Yep! We spent 20 years dealing with these problems and in those 20 years nobody really solved these pain points. So we talked to some SCM vendors, bounced ideas around, built a spec, got feedback from them, repeated off-and-on for a couple years until we got the current draft, and implemented it for our needs.

It's been a few years now, and so far so good for the purposes we built it for. And it's there for any other tool or SCM authors to use if it also happens to be useful to them.

Feels more like in 20 years nobody else really has those pain points.

1. For most people using multiple SCMs is just a huge and easily-avoidable mistake. Most people can just mandate a single SCM for a project and then all these problems are moot.

2. For the things listed in TFA

    A single diff can’t represent a list of commits
That's what "patch" and "patch format" is for. It works great.

    There’s no standard way to represent binary patches
Very unclear why anyone needs this. There's no standard way to code-review a binary diff (it depends what the blob is that you're diffing) so how would it help if you had this standard way to represent the diff?

    Diffs don’t know about text encodings (which is more of a problem than you might think)
This goes away if people on a project agree a particular encoding (which is going to be utf-8 lets face it). If someone sends a diff in an incorrect file encoding via diffx it will still apply wrong if someone uses a non-diffx aware (aka standard) tool to apply it. So diffx doesn't really fix this problem.

    Diffs don’t have any standard format for arbitrary metadata, so everyone implements it their own way.
This goes away if you just use one SCM for a project which you should anyway for everyone's sanity.
> 1. For most people using multiple SCMs is just a huge and easily-avoidable mistake. Most people can just mandate a single SCM for a project and then all these problems are moot.

You talk about SCMs, we're talking about VCSs. Where it's not just source code under control, or even source code with a handful of binary assets. Imagine dealing with a VCS that has to handle 15 years and a few petabytes of binary assets. Or individual files that were multiple gigabytes and had changes made to them several times per day. Can git do that gracefully just by itself? Or SVN? Even Perforce struggled with something like that back in the day.

>Very unclear why anyone needs this. There's no standard way to code-review a binary diff (it depends what the blob is that you're diffing) so how would it help if you had this standard way to represent the diff?

A standard way of handling the binary data doesn't mean understanding the binary data.

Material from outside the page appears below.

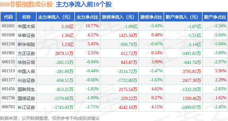 资金流向方面,800非银(399966)指数成份股当日主力资金净流出合计78.45亿元,游资资金净流入合计26.85亿元,散户资金净流入合计51.6亿元。成份股资金流向详情见下表:
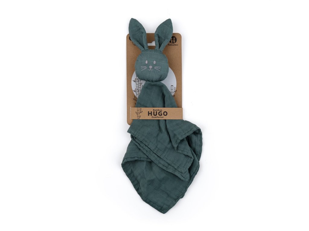 Mäkkučký mušelínový zajko Hugo má jednu tajnú záľubu. Najradšej zo všetkého sa vyvaľuje v posteli a spí. Je to skvelý kamarát a hračka na spanie pre najmenšie detičky. Hugo sa rád túli, prináša pocit tepla a nehy. S ním nikto nie je sám. Je veľmi príjemný a hebký na dotyk, dokáže dieťatko upokojiť po náročnom dni.

You can leave that up to specific tools. What you need though is a way to somehow package up and describe those binary diffs enough that you can transport the diff data and pick the right tool to show you the actual differences.

> This goes away if you just use one SCM for a project which you should anyway for everyone's sanity.

And if wishes were fishes, I'd never be hungry again. If you have a lot of history, a lot of data, a lot of workflows and tools built up around multiple VCSs, then changing that to just one VCS is going to be a massive undertaking. And not every VCS can handle all of the kinds of data that might get input into it. Some are going to be good at text data, some might handle binary assets better. Some might have a commit model that makes sense for one type of workflow but not for another. For example, you might be dealing with binary assets where you can only have one person working on a specific file at a time because there's no real way to merge changes from multiple people, so they need to lock it. For text assets though, you might be able to handle having multiple people work on a file. To afford both workflows, your VCS now needs to not only support both locking modes, but be hyper-aware of the specific content to know which kind of locking to permit for specific files.

The world doesn't always fit into the nice little models that the most popular VCSs provide. So if you're trying to not limit your product to supporting just those handful of popular VCSs, you can't just assume everything will fit into one of those models.